I never heard of anyone actually using Jazelle, though - I assume JIT ended up working better.
So on a smartcard ... write software in a (uncommon, and when compared with ARM which is a very "rich" assembly language) form of low-level instruction set, and pay both Sun and ARM top$ for the privilege - nevermind the likely "runtime" footprint far exceeding the 256kB RAM you planned for that 5$ card - why? Writing small singlethreaded software in anything that compiles down to a static ARM binary has been easy and quick enough that going off the ARM instruction set looked pointless for most. And learning which parts of "Java" actually worked in such an environment was hard, even (or especially?) for developers who knew (the strengths of) Java well. Because developers and specifiers expected "rich Java", and couldn't care less about the Bytecode.

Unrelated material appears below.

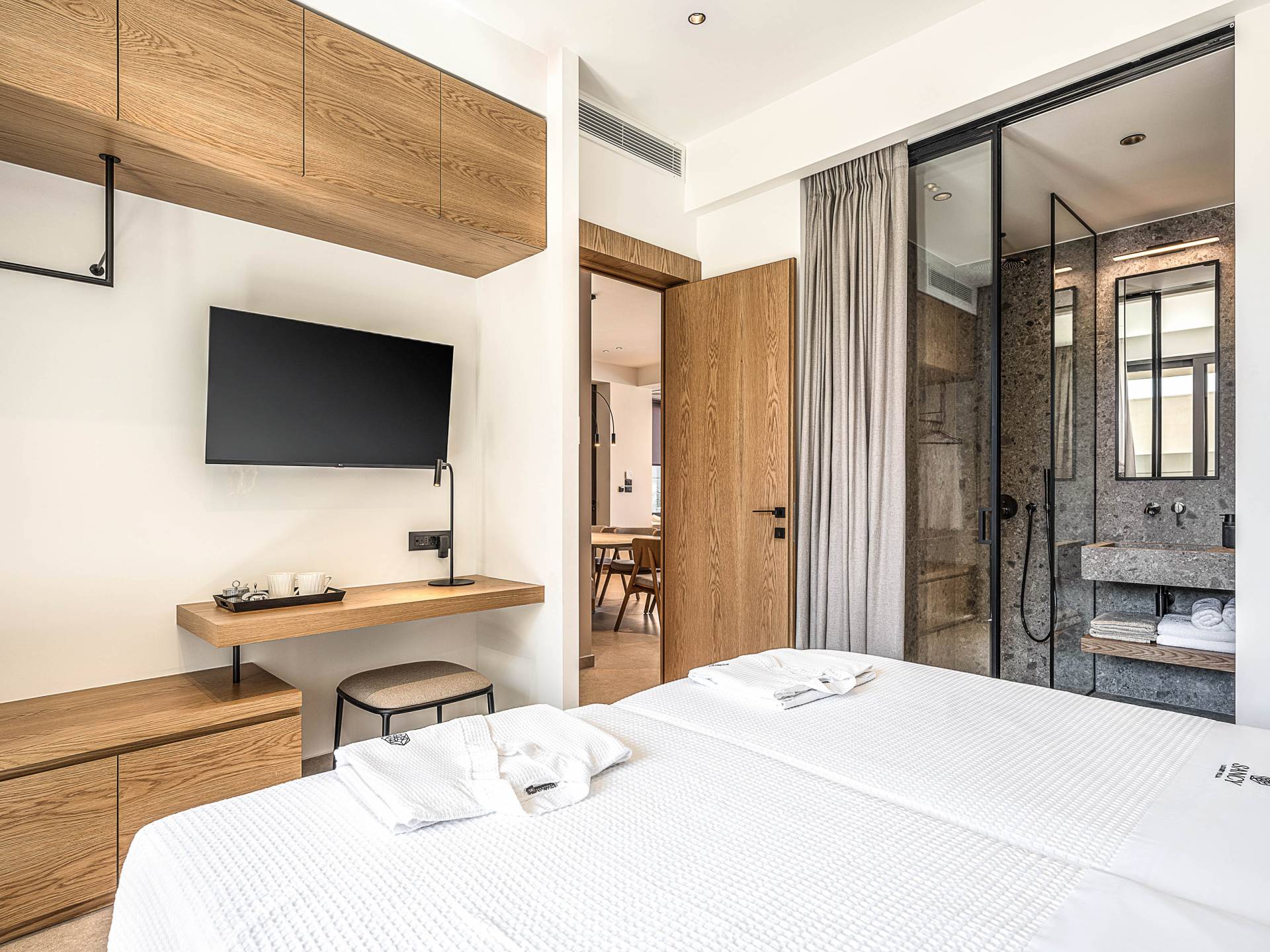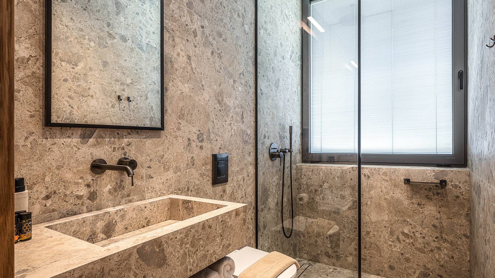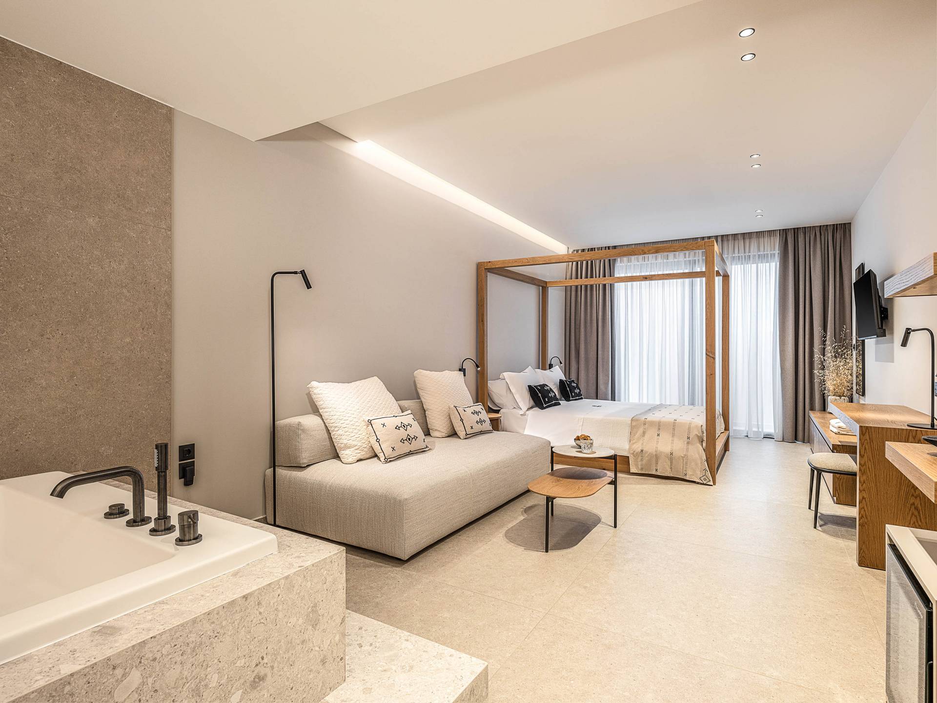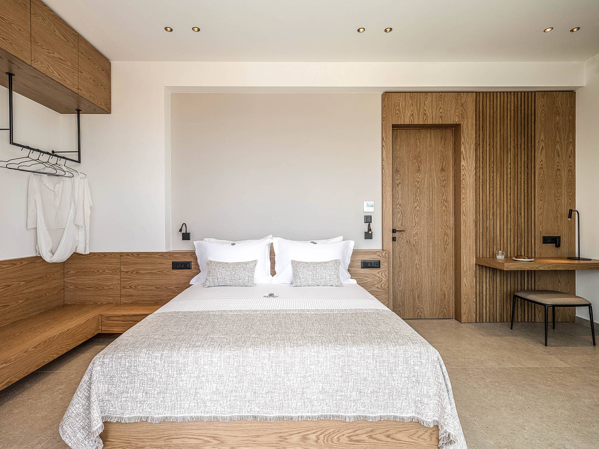 Auf der unteren Ebene gibt es ein weiteres Schlafzimmer mit Dusche und Doppelbett. Auf derselben Etage befindet sich ein Fitnessstudio mit allen notwendigen Geräten, um Sie im Urlaub fit zu halten. Darüber hinaus gibt es ein Spielzimmer mit einer PlayStation 5-Konsole, in dem Ihre Kinder die Spiele genießen können, während Sie den Creta-Himmel voller Sterne genießen. Die minimalistische Einrichtung des Hauses, die neutrale Farbpalette und die Verwendung von Holz schaffen den perfekten Rückzugsort für Sie, um sich vom hektischen Alltag zu erholen und zu entspannen. Jedes kleine Detail in dieser Residenz wurde speziell ausgewählt und gestaltet, um unseren Gästen eine sehr freundliche, aber gleichzeitig komfortable und luxuriöse Umgebung zu bieten.

JITs later only hoovered up the ashes.
https://www.ptc.com/en/products/developer-tools/perc
https://www.aicas.com/wp/
https://www.microej.com/
https://en.wikipedia.org/wiki/BD-J
https://www.thalesgroup.com/en/markets/digital-identity-and-...
But the reality was that JIT allows code to get faster over time, as the JIT improves.
Things like Jazelle let chip manufacturers paper over a paper objection.
Ehh .. PGO is only somewhat better for JIT than AOT. More often for purely-numerical code the win is because the AOT doesn't do per-machine `-march=native`. It's the memory model that kills JVM performance for any nontrivial app though.
There were those "LISP machines" in the early 1980s but when Common Lisp was designed they made sure it could be implemented efficiently on emerging 32-bit machines.
For a while Linus Torvalds, of the Linux kernel fame, worked for a company called Transmeta, https://en.wikipedia.org/wiki/Transmeta, who were doing some really interesting things. They were aiming to make a highly efficient processor, that could handle x86 through a special software translation layer. One of the languages they could support was picoJava. IIRC, the processor was never designed to run operating systems etc. natively. The intent was always to have it work through the translation layer, something that could easily be patched and updated to add support for any x86 extensions that Intel or AMD might introduce.